◆ EXERCISE GOAL
What you give back must match the records below exactly, apart from the pictures, which are omitted.

─── PROVIDED RECORDS ───

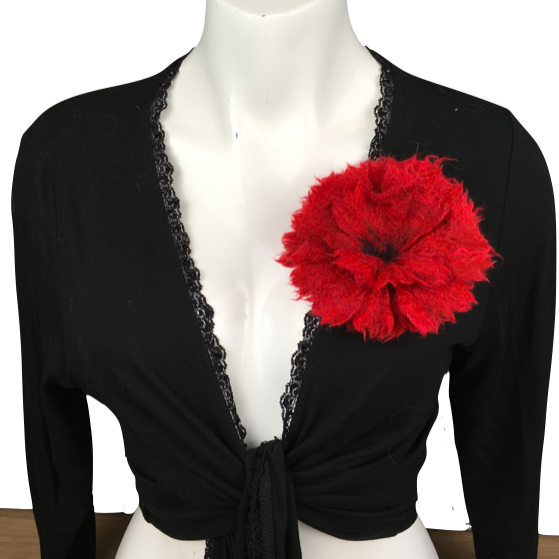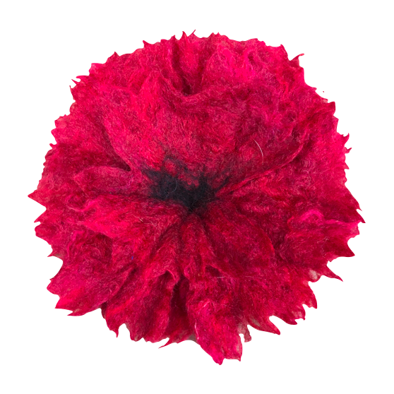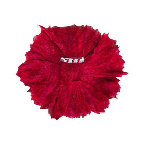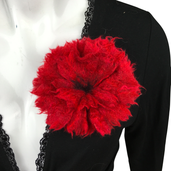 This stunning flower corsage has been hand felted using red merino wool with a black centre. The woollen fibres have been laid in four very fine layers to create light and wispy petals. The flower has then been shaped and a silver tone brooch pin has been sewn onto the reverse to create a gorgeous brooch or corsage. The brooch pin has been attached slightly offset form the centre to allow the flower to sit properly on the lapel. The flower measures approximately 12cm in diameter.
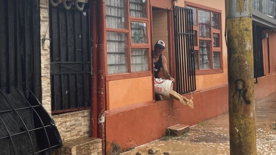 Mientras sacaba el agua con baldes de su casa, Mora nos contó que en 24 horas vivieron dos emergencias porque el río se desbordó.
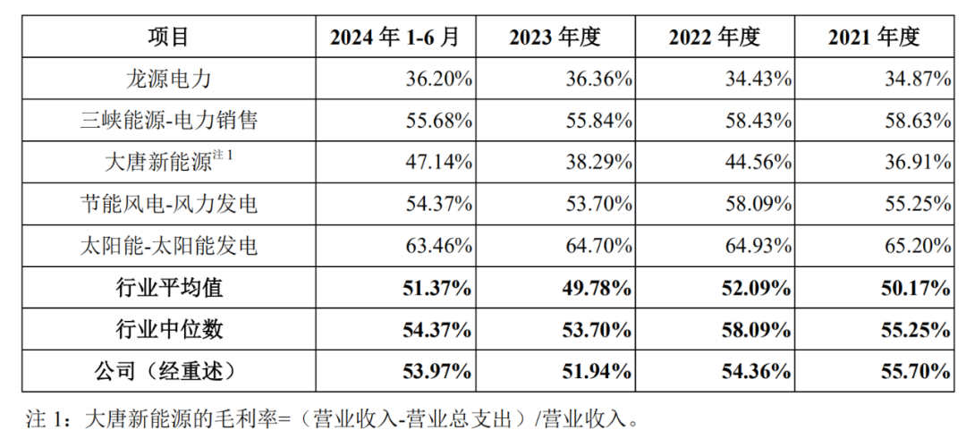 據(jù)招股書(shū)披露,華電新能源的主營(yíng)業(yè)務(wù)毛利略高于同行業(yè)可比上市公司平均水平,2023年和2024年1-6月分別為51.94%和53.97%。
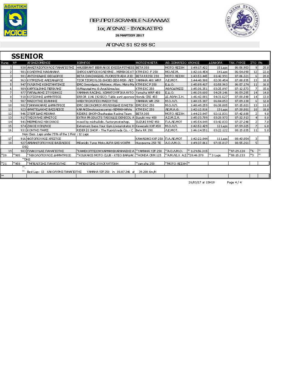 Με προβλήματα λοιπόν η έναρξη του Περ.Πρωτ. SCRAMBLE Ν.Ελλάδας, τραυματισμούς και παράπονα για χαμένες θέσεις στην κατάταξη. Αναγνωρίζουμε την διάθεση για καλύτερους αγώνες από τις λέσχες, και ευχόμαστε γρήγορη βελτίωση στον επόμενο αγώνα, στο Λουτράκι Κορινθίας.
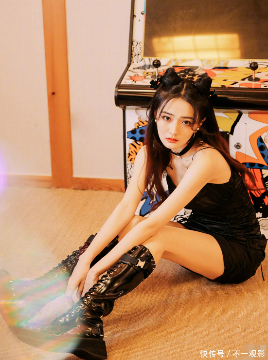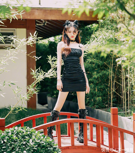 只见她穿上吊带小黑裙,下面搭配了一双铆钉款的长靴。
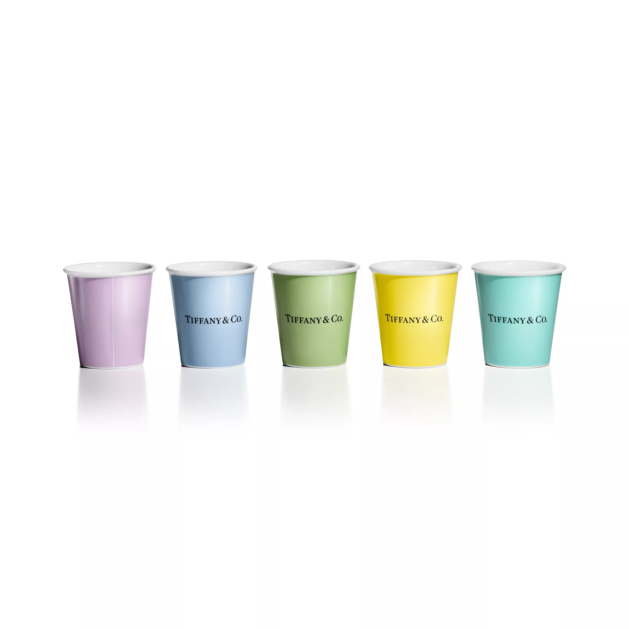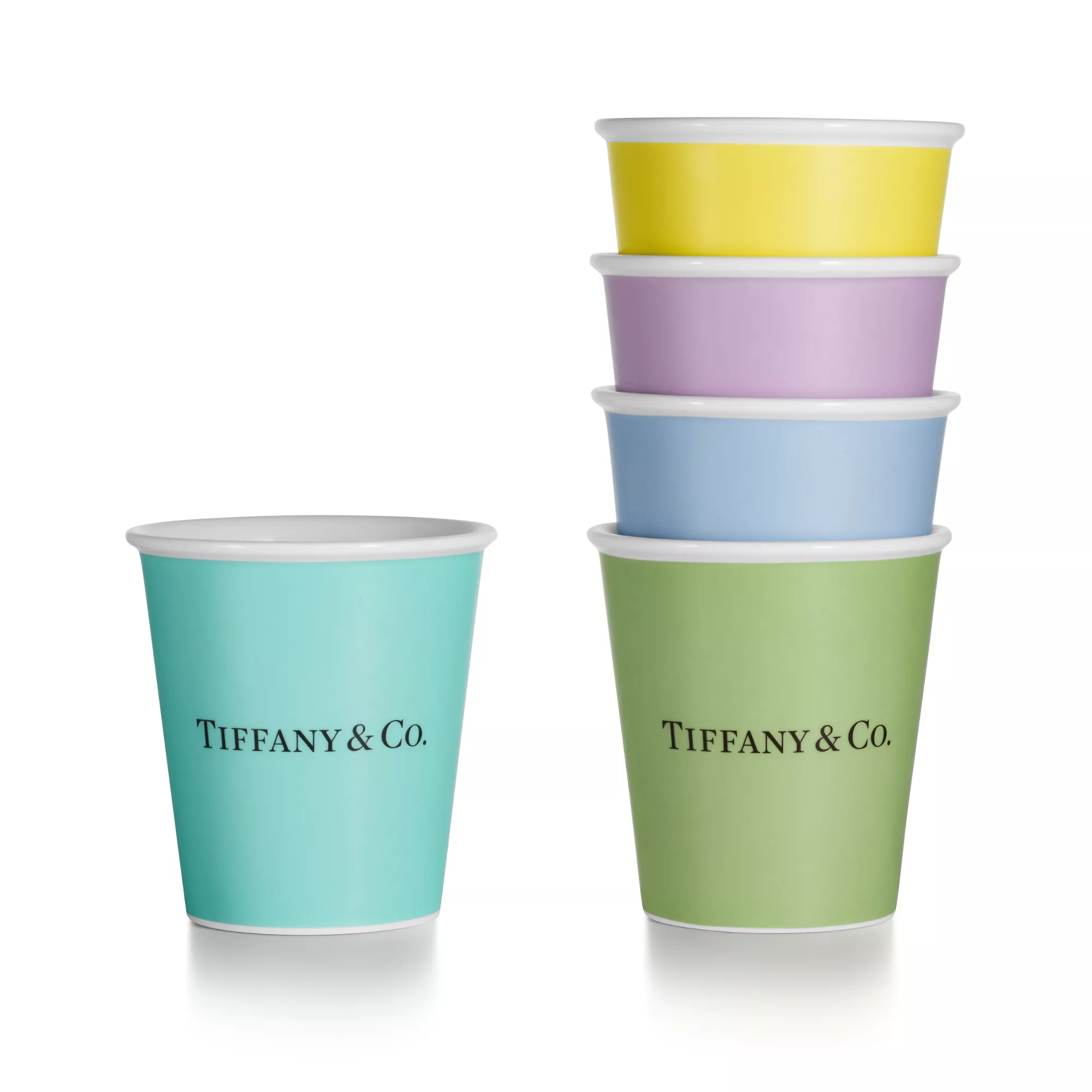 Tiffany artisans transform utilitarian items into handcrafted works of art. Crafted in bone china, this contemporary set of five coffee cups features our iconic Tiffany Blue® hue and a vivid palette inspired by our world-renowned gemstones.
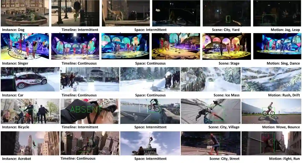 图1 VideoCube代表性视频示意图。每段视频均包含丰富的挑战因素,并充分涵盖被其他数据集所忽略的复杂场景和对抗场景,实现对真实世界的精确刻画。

───

◆ RESULT OF THE TASK
 This stunning flower corsage has been hand felted using red merino wool with a black centre. The woollen fibres have been laid in four very fine layers to create light and wispy petals. The flower has then been shaped and a silver tone brooch pin has been sewn onto the reverse to create a gorgeous brooch or corsage. The brooch pin has been attached slightly offset form the centre to allow the flower to sit properly on the lapel. The flower measures approximately 12cm in diameter.
 Mientras sacaba el agua con baldes de su casa, Mora nos contó que en 24 horas vivieron dos emergencias porque el río se desbordó.
 據(jù)招股書(shū)披露,華電新能源的主營(yíng)業(yè)務(wù)毛利略高于同行業(yè)可比上市公司平均水平,2023年和2024年1-6月分別為51.94%和53.97%。
 Με προβλήματα λοιπόν η έναρξη του Περ.Πρωτ. SCRAMBLE Ν.Ελλάδας, τραυματισμούς και παράπονα για χαμένες θέσεις στην κατάταξη. Αναγνωρίζουμε την διάθεση για καλύτερους αγώνες από τις λέσχες, και ευχόμαστε γρήγορη βελτίωση στον επόμενο αγώνα, στο Λουτράκι Κορινθίας.
 只见她穿上吊带小黑裙,下面搭配了一双铆钉款的长靴。
 Tiffany artisans transform utilitarian items into handcrafted works of art. Crafted in bone china, this contemporary set of five coffee cups features our iconic Tiffany Blue® hue and a vivid palette inspired by our world-renowned gemstones.
 图1 VideoCube代表性视频示意图。每段视频均包含丰富的挑战因素,并充分涵盖被其他数据集所忽略的复杂场景和对抗场景,实现对真实世界的精确刻画。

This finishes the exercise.